Did you know less than 10% of people die suddenly? Most people - more than 90% - will experience a protracted life threatening illness. This could mean a predictable steady course with a relatively short terminal phase (Cancer) or a slow decline punctuated by periods of crises (Congestive heart failure, emphysema, Alzheimer-type dementia).
In my experience, people plan for their funeral but forget to plan for their decline. Therefore, a large percentage of people die without ever communicating what’s important to them.
I’ll share the story of one of the 90% and then discuss how communication, or lack thereof, will shape his experience: John was a 78 year old African American male, retired from both the Army and US Postal service. He was forced to take an early retirement from the Post Office due to the effects of chronic illness. He was diagnosed with Congestive Heart Failure, Diabetes and Kidney Disease.

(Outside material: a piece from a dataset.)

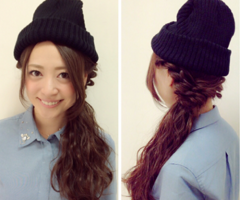 出典:http://curet.jp 編み込みで作るまとめ髪はニット帽を着脱しても崩れにくく、また、崩れてきてもラフ感がでておしゃれなので相性のいい髪型です。ニット帽の下に編み目が覗いて後ろ姿も可愛らしいですね!

His illnesses took their toll in the last few years of his life. Congestive Heart Failure caused fluid retention forcing tight restrictions on his daily fluid intake. Diabetes caused insulin dependence, and closer to death multiple toe amputations with difficulty healing. He needed to use a walker to get around, and assistance with bathing, shaving, taking his medications and other activities of daily living. Toward the end, John needed to use special eating utensils due to diabetic neuropathy.
John’s wife was his caretaker; she drove him to medical appointments and consulted with doctors about his care options. He did not communicate much about his preferences and priorities around his medical care but often said he was “tired”. He allowed his wife to make all of his medical decisions.
Why Communication Matters:
- It reveals what the patient doesn’t understand, so that medical information can be better explained and decisions are made in alignment with what the patient wants – and does not want.
- It creates a working knowledge of possible scenarios, so that the patient understands what’s happening and their options for treatment, including outcomes, side effects and the impact on quality of life.
- It fosters prioritization, so that the patient becomes an informed participant in his or her own care, choosing treatment options based on what’s important him or her. The doctor-patient relationship becomes collaborative.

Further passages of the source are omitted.